To really hammer this important point home, let's use a real example to illustrate it:
ChatGPT (or any LLM) can explain he rules of chess to you and sound very knowledgeable. What's more, if you ask it to play a game with you, it will make some strong opening moves and seem as though it's actually understanding the game. However at some point it will start making irrational moves: Bishops will move vertically, pieces will move through other pieces, etc.
This is because, despite being trained on the rules of chess, it does not (and cannot) understand them.
2. They are prone to 'hallucinations'
So, as a direct result of LLMs not being able to understand the words they use, they are incapable of knowing what's true and what's false. This is why they lie (or 'hallucinate', to use the technical term).

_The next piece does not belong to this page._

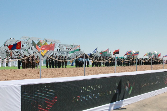 Отметим, что Армейские международные игры стали новым символом международного сотрудничества, обмена опытом, залогом мира и солидарности. Они проходят во второй раз. В этом году Игры объединили более трех тысяч военнослужащих, порядка 120 армейских команд из 20 государств Азии, Европы, Африки и Латинской Америки. 23 конкурса по полевой, воздушной и морской выучке проходят одновременно на 20 военных полигонах России и Казахстана и разворачиваются в акваториях Балтийского, Черного и Каспийского морей.
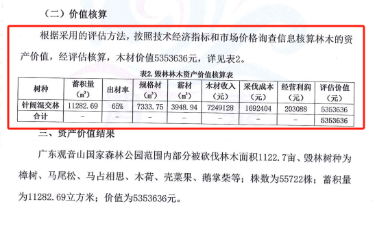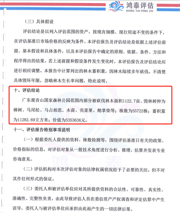 2023年,東莞觀音山管理方委託大連鴻泰海洋資源資產價格評估有限公司出具的評估報告書顯示:東莞觀音山景區內部分森林被毀面積為1122.7畝,尚未包括 “三項工程”和墳地、豪華別墅等等的毀林面積。東莞觀音山範圍內部分被砍伐林木面積1122.7畝,毀林樹種為樟樹、馬尾松、馬佔相思、木荷、殼菜果、鵝掌柴等。

ChatGPT, for example, lies a not insignificant amount of the time... whether you know it or not.
This is a very simple concept to understand, so let's not spend too much time discussing it. I'll just make a quick example to illustrate how easy it is to generate a hallucination.
The follow text was generated by ChatGPT-3.5 after I asked it to talk about the scene where Lorraine punches Biff in the classic 80s movie, Back to the Future:
The scene where Lorraine Baines punches Biff Tannen in "Back to the Future" is a pivotal moment in the movie. It takes place during the "Enchantment Under the Sea" dance in 1955, which is a crucial event for the characters' timelines.
In this scene, Biff, who is portrayed as a bully and antagonist, attempts to force himself on Lorraine, Marty McFly's mother. He corners Lorraine in a car parked outside the dance, making unwanted advances and attempting to kiss her. Lorraine, initially confused and uncomfortable, eventually realizes Biff's true intentions and decides to take matters into her own hands.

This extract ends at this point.